Dartmouth reveals the moral weakness of the American intellectual

A small cadre of Dartmouth students threatened violence if the school didn’t invest a great deal more money in “diversity” (skin color and gender diversity, of course, rather than intellectual diversity).  Dartmouth caved, diverting funds from actual academics to appease the radicals.  The theory on the right is that Dartmouth’s administrators backed down in the face of physical violence.

After all, we know that intellectuals can happily contemplate violence in the abstract but they don’t like it when it shows up on their own doorsteps.  We’ve seen that reality play out frequently when the West’s self-styled intelligentsia run afoul of Muslim demands.  There’s something about staring in the face of a man who thinks beheading you is a really good idea that makes a lot of people second-guess their values.

You and I know, though, that the violence threatened at Dartmouth wouldn’t include beheading.  It would be bomb threats, acts of vandalism, low-grade physical assaults, graffiti, office takeovers, etc.  (The diversity cadre, thankfully, hasn’t yet gone full sharia.)

Knowing that we’re not talking the full-sharia press here, is it really possible that the Dartmouth powers-that-be can be pushed around simply because they’re worried that their cars will be keyed?  I don’t think so.  I think there’s something different going on here.  In this context, Shelby Steele’s White Guilt makes for illuminating reading.

Steele was part of the 1960s Civil Rights movement, and was there, on the ground, in an Iowa University president’s office when he saw white guilt kick in, rendering the guilty party completely helpless, anxious only for the faint hope of redemption that acceding to extremist demands could provide:

I know two things about Dr. McCabe that help explain his transformation before our eyes into a modern college president: he was a man of considerable integrity, and he did not deny or minimize the injustice of racism. He had personally contributed money to Martin Luther King’s Southern Christian Leadership Conference when this was not typical of college presidents. Thus, on some level—and in a way that may have caught him by surprise—he would have known that behind our outrageous behavior was a far greater American outrage.

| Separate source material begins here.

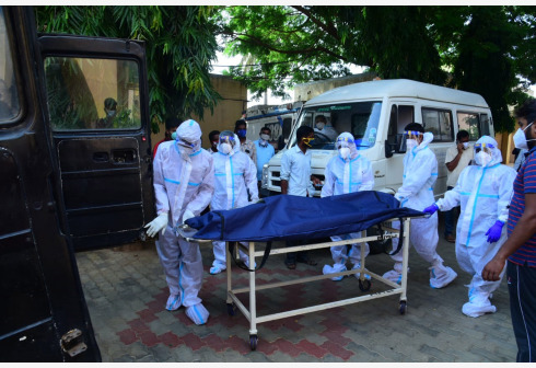 5月3日,印度医务人员在卡纳塔克邦转运新冠死亡患者的遗体。 印度卫生部5月3日公布的数据显示,该国较...

And in this intransigent piece of knowledge was the very essence of what I have called white guilt. Dr. McCabe simply came to a place where his own knowledge of American racism—knowledge his personal integrity prevented him from denying—opened a vacuum of moral authority within him. He was not suddenly stricken with pangs of guilt over American racism. He simply found himself without the moral authority to reprimand us for our disruptive behavior. He knew that we had a point, that our behavior was in some way connected to centuries of indisputable injustice. So he was trumped by his knowledge of this, not by his remorse over it, though he may have felt such remorse. Our outrage at racism simply had far greater moral authority than his outrage over our breach of decorum. And had he actually risen to challenge us, I was prepared to say that we would worry about our behavior when he and the college started worrying about the racism we encountered everywhere, including on his campus.

And this is when I first really saw white guilt in action. Now I know it to be something very specific: the vacuum of moral authority that comes from simply knowing that one’s race is associated with racism. Whites (and American institutions) must acknowledge historical racism to show themselves redeemed of it, but once they acknowledge it, they lose moral authority over everything having to do with race, equality, social justice, poverty, and so on. They step into a void of vulnerability. The authority they lose transfers to the “victims” of historical racism and becomes their great power in society. This is why white guilt is quite literally the same thing as black power. (Steele, Shelby, White Guilt [Kindle Locations 370-374]. HarperCollins; emphasis mine.)

It wasn’t physical cowardice that drove the Dartmouth decision — it was moral emptiness. The school’s administrators have been steeped for decades in white guilt. That is the new original sin in America. Moreover, there is no Christ the Redeemer to save the individuals burdened by the knowledge that their melanin-free DNA means that they are marked from conception by this original sin. Each of them is responsible for a never-ending cycle of guilt, remorse, and self-abnegation, with no possibility of redemption in sight.

So no, they’re not that chicken at Dartmouth; they’re that morally empty, unable to stand for anything as it relates to who and what they are — or all the great good their fore-bearers — have done for the world.  All that they can do is crouch down in a perpetual mea culpa, acceding to even the most outrageous demands in an effort to excuse their very existence.